China Export Volumes and Values: Recent reports on China’s economic performance continue to emphasize slow to negative outcomes. Bloomberg reports, “It was meant to be the year China’s economy, unshackled from the world’s strictest Covid-19 controls, roared back to help power global growth. Instead, halfway through 2023, it’s facing a confluence of problems: Sluggish consumer spending, a crisis-ridden property market, flagging exports, record youth unemployment and towering local government debt. The impact of these strains is starting to reverberate around the globe, impacting everything from commodity prices to equity markets.” (More and more.) China has the capacity to export more and wants to export more, but especially as North American and European central banks try to depress demand to moderate inflation, existing pull is not motivating anything close to maximum push.

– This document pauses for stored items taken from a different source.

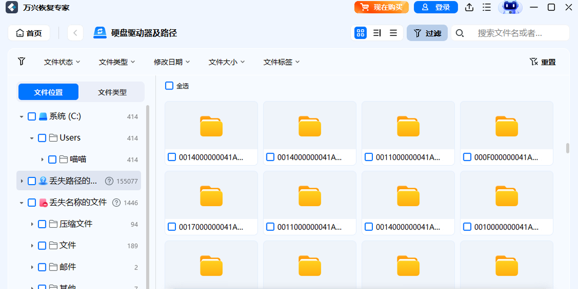 万兴恢复专家是一款数据恢复软件,支持windows电脑、苹果电脑、电脑硬盘、移动硬盘、u盘、存储卡、相机、摄影机、记忆棒、功能机、内存卡等存储设备的数据恢复。支持ntfs,fat16,fat32,hfs+,apf等存储模式下的数据恢复,能恢复被直接误删除的文件、清空回收站删除的文件、误格式化的盘符、分区丢失(分区表破坏、重新分区、删除分区)、分区损坏(dbr破坏、变成raw分区、根目录损坏、无法读取、双击盘符提示格式化)、盘符变空(u盘插拔后根目录消失但是已用空间还在)、加密软件弄丢的文件、chkdsk丢失的文件、重装系统忘记备份我的文档和桌面的资料、系统崩溃、中病毒后文件恢复等数据丢失情况。
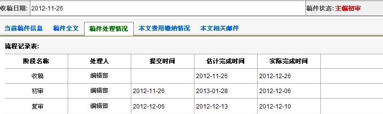 如图,11月26号投的稿子,很快就完成了初审和复审,现在一直是主编初审……
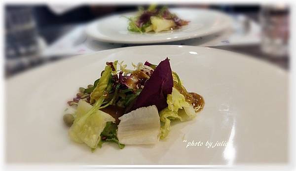 蘿美生菜、紫甘藍及一些堅果,分量適當,酸酸油醋醬汁,清新可口。
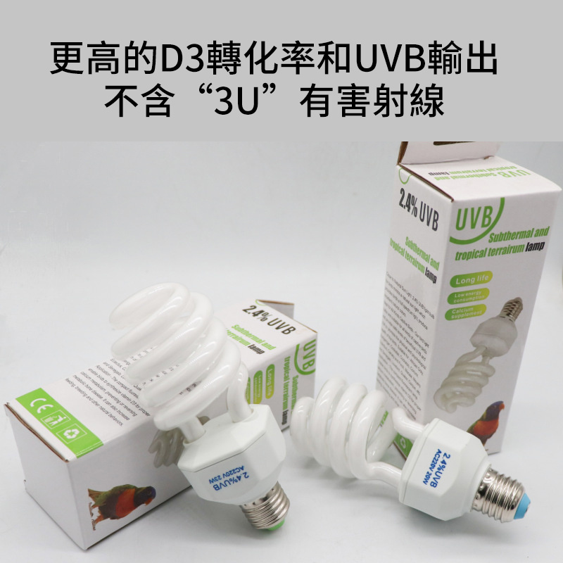 ●接近自然太陽光2.4% UVB鳥類燈泡模擬自然太陽光,為鳥類提供全光譜光,產生出色的自然色彩
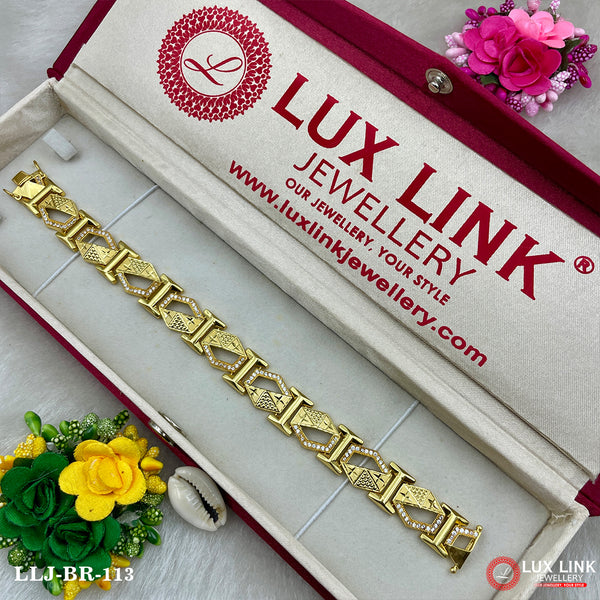 This 1 Gram Gold Plated with Diamond Fashionable Design Bracelet for Men is a men's jewelry piece featuring a textured, shining- plated finish and a miligram gold filigree design with a diamond. Popular for the latest hip hop fashion trends, this timeless brass bracelet will give you a timeless, golden look.
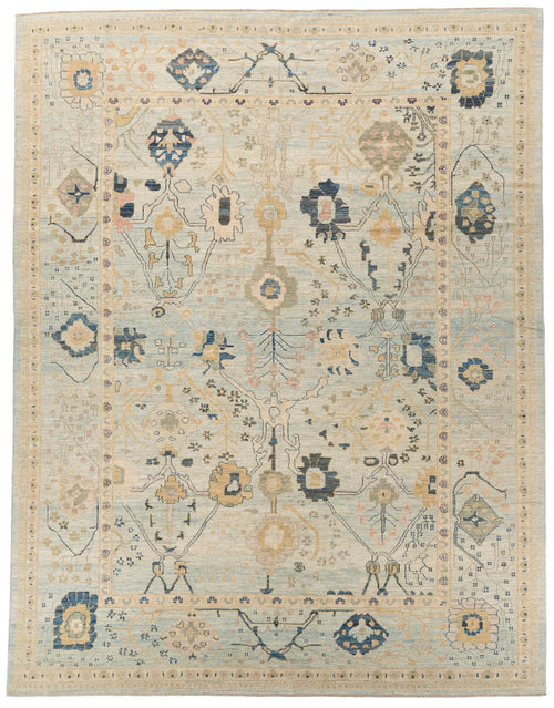 10x13 Light Blue and Multicolor Turkish Oushak Rug
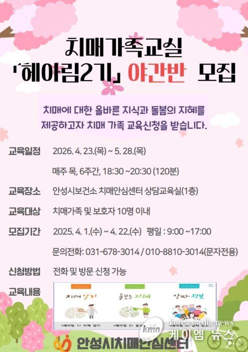 (케이엠뉴스) 안성시보건소 치매안심센터가 직장이나 생업으로 낮시간대 교육받기 어려운 치매환자 가족을 위하여 오는 23일부터 가족교실 야간반을 운영한다.
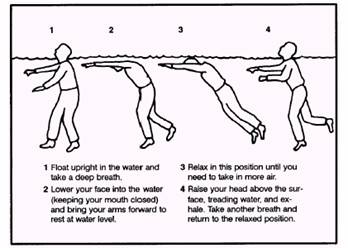 -Va apuca manerele de pe bordaj si apoi se va trage cu ajutorul fortei bratelor pana ajunge pe pluta

North American Grid Capacity: Texas has been providing a constructive use case playing out in real-time. Here is this blog’s recent coverage (be sure to see updates below the graphics). Here is a blurb that I have inserted in many recent emails: There are systemic, structural issues of grid transformation that increase the likelihood of grid failures — and these factors will almost certainly NOT be resolved in the next decade. There are specific issues of increasing demand (e.g., EV and other electrification, especially in high-growth regions), transmission/distribution (e.g., paucity of long-distance high capacity confident connections), and generation (e.g., changing mix of sources) that conflate to amplify risk. So, given this higher risk of long-term, wide-area grid failure, it is especially important that we (meaning private-public collaboratives) have the ability to facilitate flows of water, food, fuel, and other crucial freight when and where the grid is gone for an extended time over a wide area.

US Personal Consumption Expenditures: This blog tends to give particular attention to food PCE (both nominal and real). This was updated yesterday here.

Soooo… many aspects of demand have moderated and demand/supply equilibrium has been (is being) reestablished. Where and when demand has increased, there has — so far — usually been sufficient push capacity to fulfill pull capacity. There are upstream factors that threaten to constrain some push capacity. There are risks of sudden spikes in demand. There is probably enough buffer capacity to handle short-term and tightly targeted spikes. If demand spikes evolve into longer-term surges there is an increasing risk of demand/supply disequilibrium amplified by any lags in distribution capacity or loss of production capacity… especially as disequilibrium expands over time and space.